# PR #7364 完整报告

- 仓库：`PaddlePaddle/FastDeploy`
- 标题：[BugFix][PD Disaggregation][KVCache] Fix low cache hit rate in PD split (disaggregation) scenario
- 合并时间：2026-04-14 16:15
- 原文链接：http://prhub.com.cn/PaddlePaddle/FastDeploy/pull/7364

---

# 执行摘要
本次 PR 修复了 PD 分离（disaggregation）场景下 prefill 节点未及时更新 prefix cache 命中信息导致的低命中率问题，通过在调度器的 `preallocate_resource_in_p` 方法中主动调用 `update_cache_blocks` 并调整角色排除逻辑，确保 cache 状态正确同步。变更直接影响 PD 分离模式的推理性能，但参数选择争议未解决可能遗留 cache 状态不一致风险。

# 功能与动机
在 PD 分离场景中，prefill 节点负责处理 prompt 的预填充，但成功分配 GPU block 后未更新 prefix cache 的命中信息，导致已命中的 cache 无法被正确记录，命中率异常偏低，影响推理性能。PR body 明确指出：“prefill 节点在通过 `_allocate_gpu_blocks` 成功分配 block 后，没有调用 `update_cache_blocks` 更新 cache block 状态，导致已命中的 prefix cache 无法被正确记录”。

# 实现拆解
仅修改 `fastdeploy/engine/sched/resource_manager_v1.py` 文件，包含两处关键改动：
1. **调整 `_allocate_decode_and_extend` 中的角色排除逻辑**：
   ```python
   if (
       self.config.cache_config.enable_prefix_caching
       and self.config.scheduler_config.splitwise_role != "decode"
       and self.config.scheduler_config.splitwise_role != "prefill"  # 新增排除prefill
   ):
   ```
 避免 prefill 节点在 `_free_blocks_when_stop` 中重复更新 cache block 状态。

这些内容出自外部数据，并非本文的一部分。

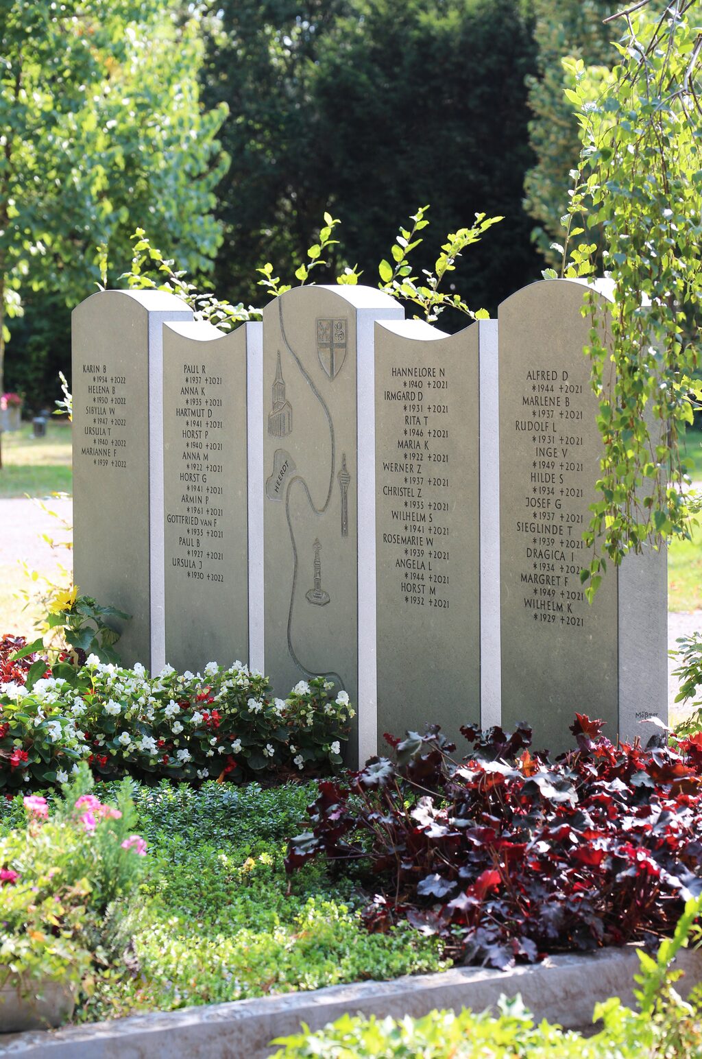 Im neuen Urnengemeinschaftsgrab auf dem Friedhof Heerdt findet sich ein Ort des Gedenkens, der Ruhe und der Verbundenheit. Im Zentrum dieses besonderen Grabfeldes stehen die „Drei Säulen der Ewigen“.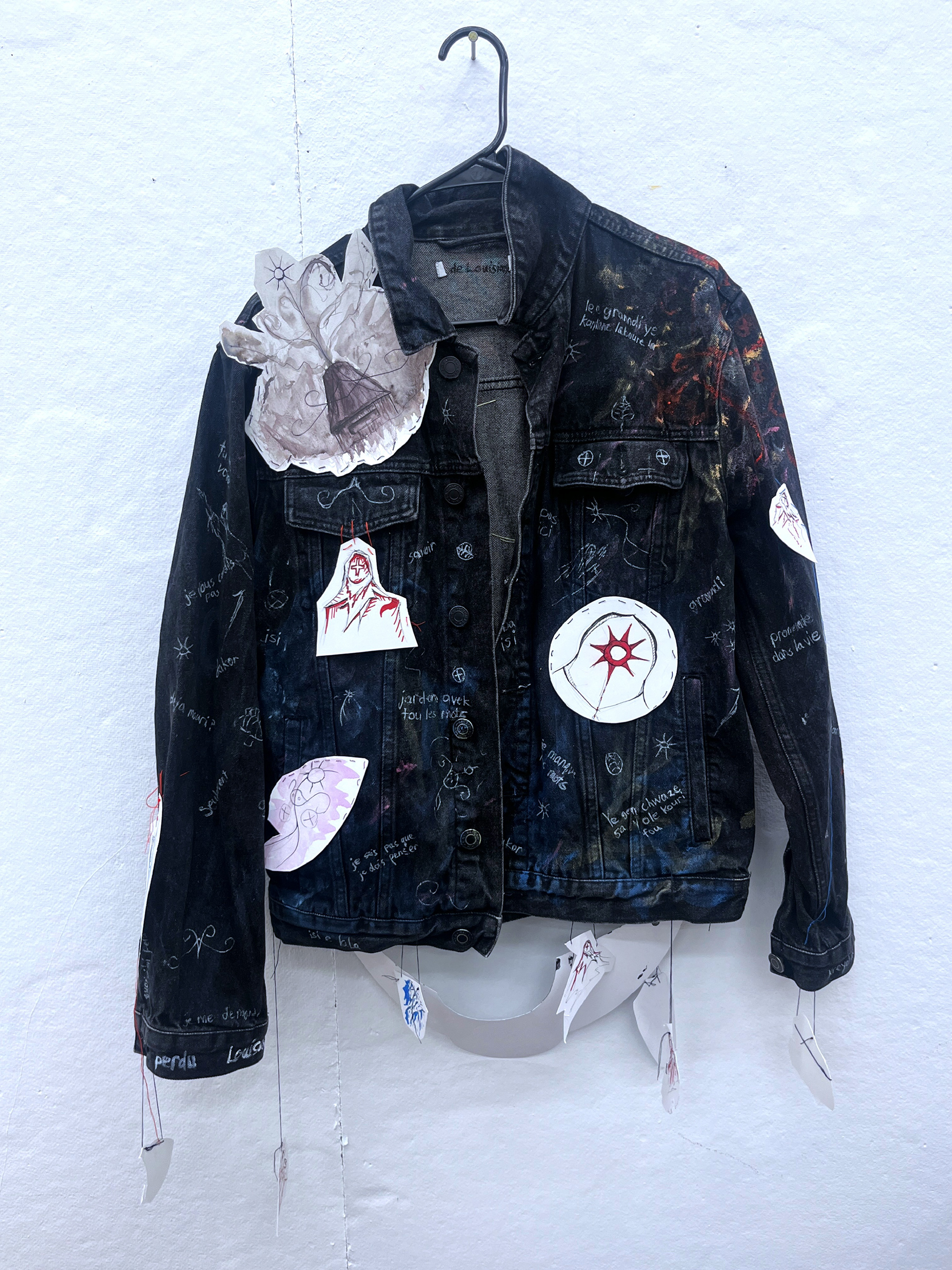 Louisiana Creole, the native language of my grandparents, was not passed down to me. The jacket seen in this gallery is covered in words fromĀ a mix of Parisian French and Louisiana Creole, along with creatures inspired by the veve of the voodoo spirit Papa Legba, master of communication. These elements work together to explore the sense of longing that comes with losing a language that is a part of your family history, along with the world it represents.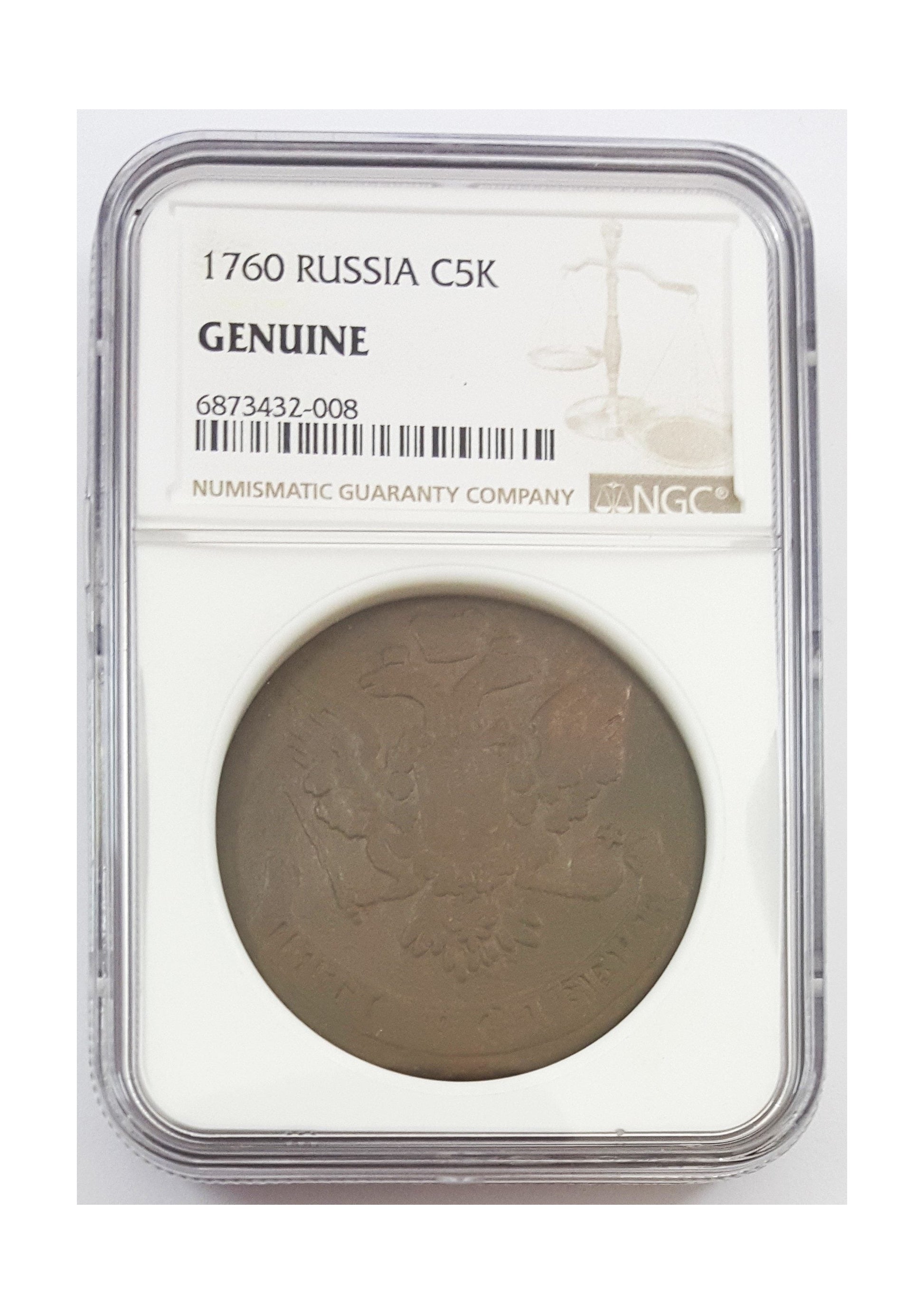 Own a certified 5 Kopek copper coin from the reign of Elizabeth I of Russia (1741–1762), authenticated and slabbed by NGC. This substantial and impressive piece reflects the strength and elegance of one of Russia’s most charismatic rulers.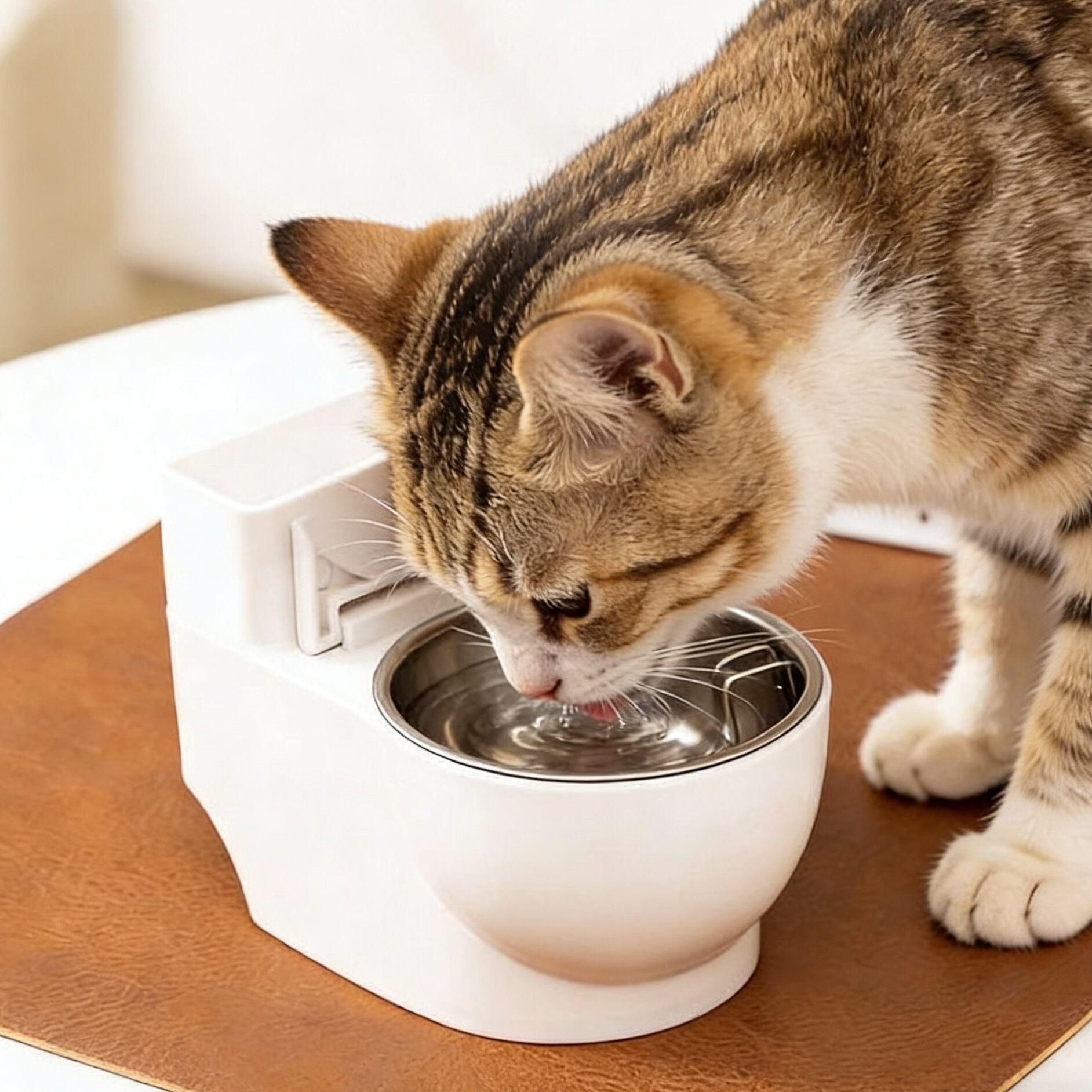 水分補給は猫ちゃんの健康に不可欠です。このミニトイレ型給水ボウルを使うことで、楽しく水分を摂取できる環境を整え、元気で健康な生活をサポートします。可愛い姿で水を飲む猫ちゃんを見て、飼い主様も癒されること間違いありません!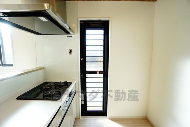 勝手口付きキッチン。においがこもりやすいキッチンの換気にも役立ちます。ごみの仮置きにもなり、便利です^^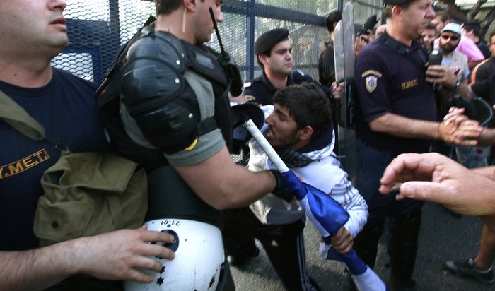 Ένταση μεταξύ διαδηλωτή και αστυνομικών μπροστά στο σιδηρόφρακτο “τείχος” που στήθηκε στη Βασ. Σοφίας. (Φωτογραφία: Γιάννης Μπεχράκης για το Reuters).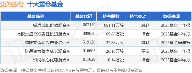 重仓迈为股份的公募基金请见下表: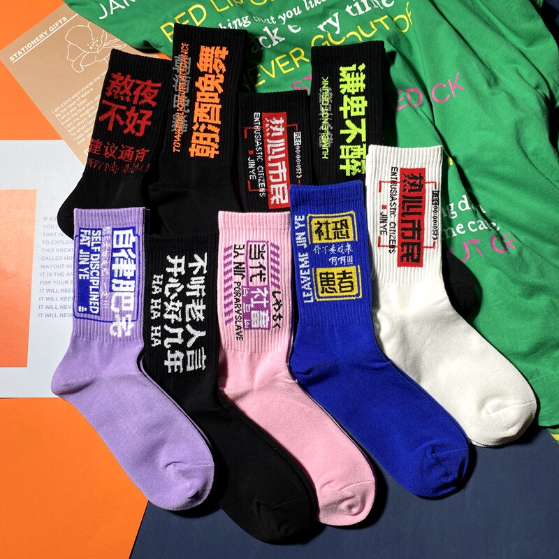 黑色ins个性文字潮袜子男女袜高腰韩版街头高帮秋冬中筒长袜百搭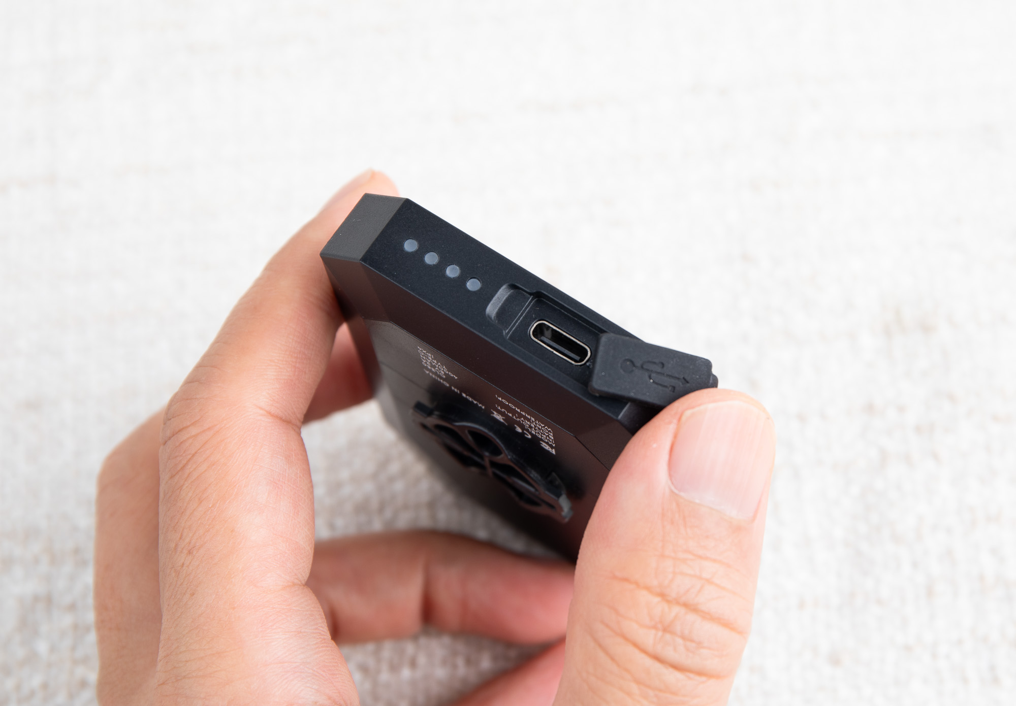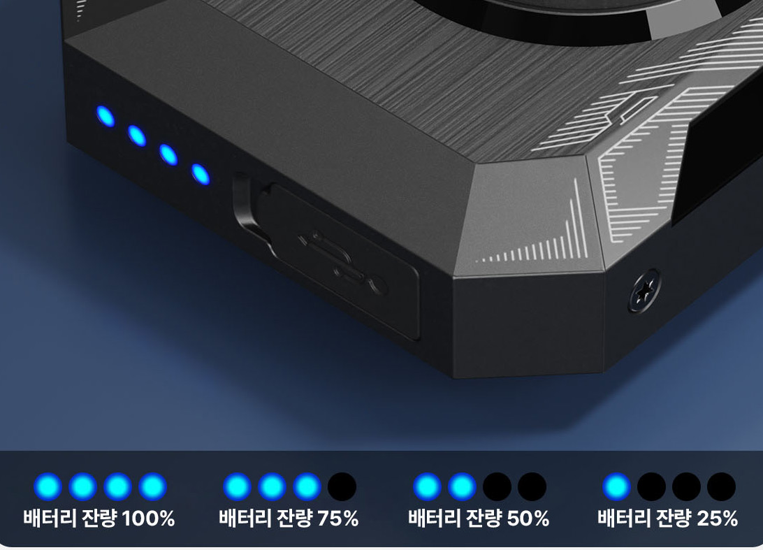USB-C 타입 단자로 자체 충전 및 외부 충전을 동시에 지원한다.

2. **在 `preallocate_resource_in_p` 中主动更新 cache block**：
   ```python
   self.cache_manager.update_cache_blocks(
       request, self.config.cache_config.block_size, request.need_prefill_tokens
   )
   ```
 prefill 节点分配 block 后立即调用，使用 `need_prefill_tokens` 作为已计算 token 数量。

# 评论区精华
review 中聚焦于 `update_cache_blocks` 参数选择的正确性：
- **fastdeploy-bot**指出：“使用 `request.need_prefill_tokens` 作为 `update_cache_blocks` 的第三个参数需要进一步说明 ... 当只有部分 prompt tokens 命中 cache 时，使用 `need_prefill_tokens` 可能导致 cache tree 中记录的 cached blocks 数量与实际不一致。”
- **Copilot**进一步解释：“传入 `request.need_prefill_tokens` 会让 PrefixCacheManager 认为整段 prompt 都已‘计算完成’，从而为 cache miss 部分也提前创建 radix tree 节点并绑定新分配的 GPU block... 可能造成错误复用或状态污染。”
但作者未回应这些建议，最终代码仍使用 `need_prefill_tokens`。

# 风险与影响
**风险**：
1. **cache 状态不一致**：当部分 prompt 命中 cache 时，使用 `need_prefill_tokens`（所有 prompt tokens）而非 `num_computed_tokens`（已命中 tokens）可能导致 cache tree 记录不准确。
2. **错误复用风险**：可能为未填充的 GPU block 创建 radix tree 节点，后续请求匹配到未完成的 cache。
3. **回归风险**：变更涉及调度器核心路径，但缺少单元测试（PR body 说明需端到端 PD 分离环境验证）。

**影响**：
- **正面**：修复后应显著提升 PD 分离场景的 prefix cache 命中率，改善推理性能。
- **范围**：仅影响 PD 分离模式，对非分离模式无影响。
- **用户**：透明修复，无需配置变更。

# 关联脉络
本次修复是 FastDeploy 在 PD 分离架构优化中的一环：
- PR #7241（移除 KV Cache 块数上限）同样关注 cache 利用率提升。
- PR #7299（移除 CacheManager 与 WorkerProcess 间 IPCLock）优化了 cache 相关组件交互。
- PR #7323（支持 PD 分离模式下 MTP 超重叠）同样针对 PD 分离模式进行调度优化。
这些 PR 共同反映了团队对 PD 分离场景性能的持续打磨，特别是调度器与 cache 管理器的协同优化。